Stack overflow concept in Javascript - Time & Space Complexity
When a program runs, it uses a special memory area called the call stack to keep track of function calls.
We want to understand how the number of function calls affects the program's running steps and memory use.
Analyze the time complexity of the following recursive function that calls itself without a stopping condition.
function infiniteRecursion() {
return infiniteRecursion();
}
infiniteRecursion();
This code calls the same function again and again without stopping, causing the call stack to grow endlessly.
Identify the loops, recursion, array traversals that repeat.
- Primary operation: Recursive function calls without end.
- How many times: Infinite times until the program crashes.
Each call adds a new layer to the call stack, growing step by step without stopping.
| Input Size (n) | Approx. Operations |
|---|---|
| 10 | 10 calls stacked |
| 100 | 100 calls stacked |
| 1000 | 1000 calls stacked |
Pattern observation: The number of calls grows directly with input, but here input is the depth of calls, which never ends.
Time Complexity: O(n)
This means the number of steps grows directly with the number of recursive calls before the program crashes.
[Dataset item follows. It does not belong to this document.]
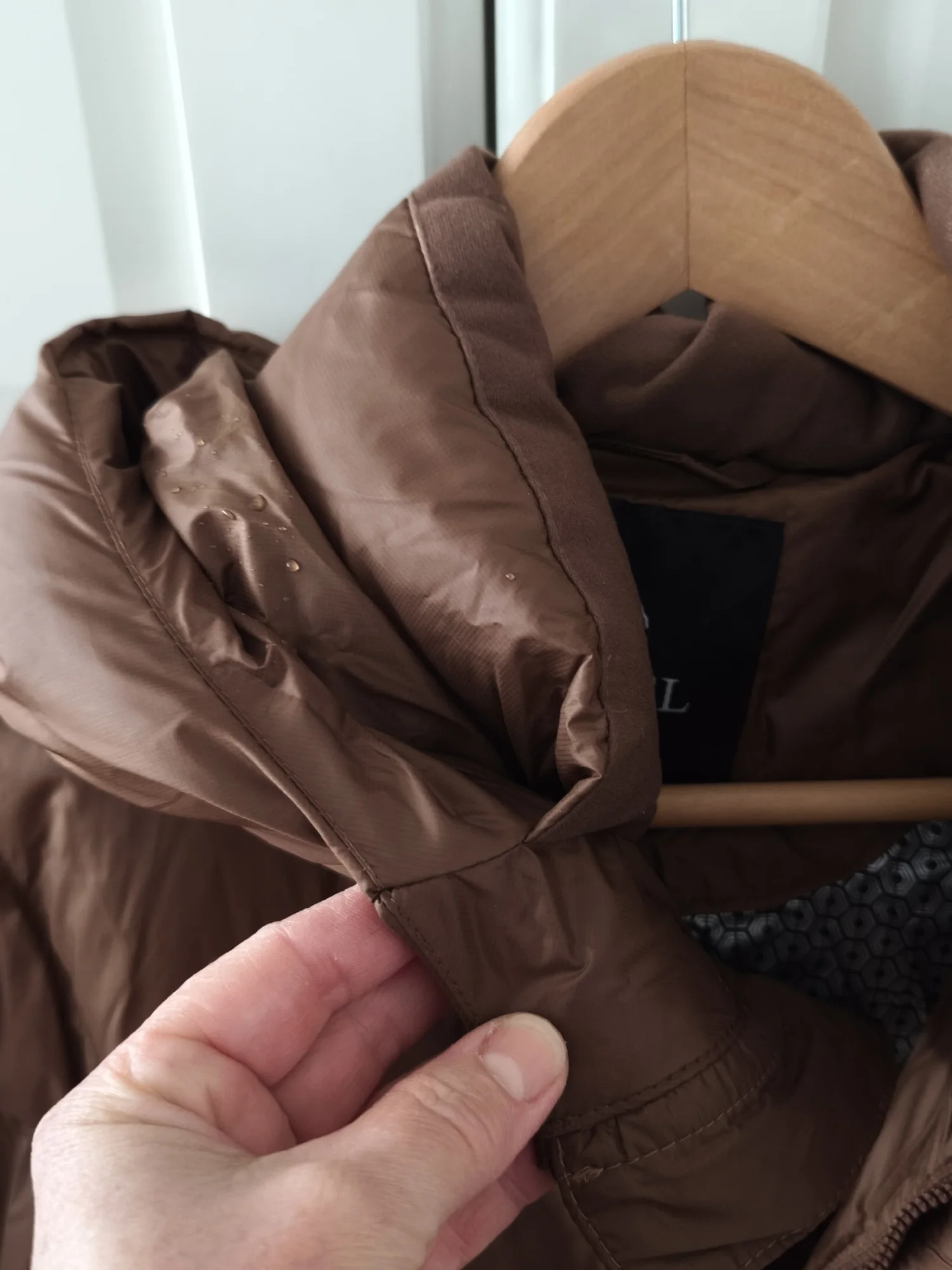 На рост 155, вес 58, бедра 98 рискнула заказать размер S. Таблица продавца примерно верная ( 1-2 см расходятся). Набит средне, карманы только наружние. Молния с двойным замком, клапан со скрытыми кнопками. Под капюшоном воротник . Ткань верхняя тонкая, дешёвая. Подкладка ещё дешёвле, тактильно не приятная. Примерка на футболку. Общее впечатления, что пошили пробную партию из дешёвой ткани...посмотреть как пойдет. В магазине ещё бы 10раз подумала, о такой покупкеksenia c. 27 октября 2025

[X] Wrong: "The recursion will stop on its own without a base case."
[OK] Correct: Without a stopping point, the function keeps calling itself forever, causing the program to crash with a stack overflow.
Understanding how recursive calls use the call stack helps you write safe functions and avoid crashes in real projects.
"What if we add a base case to stop the recursion after a certain number of calls? How would the time complexity change?"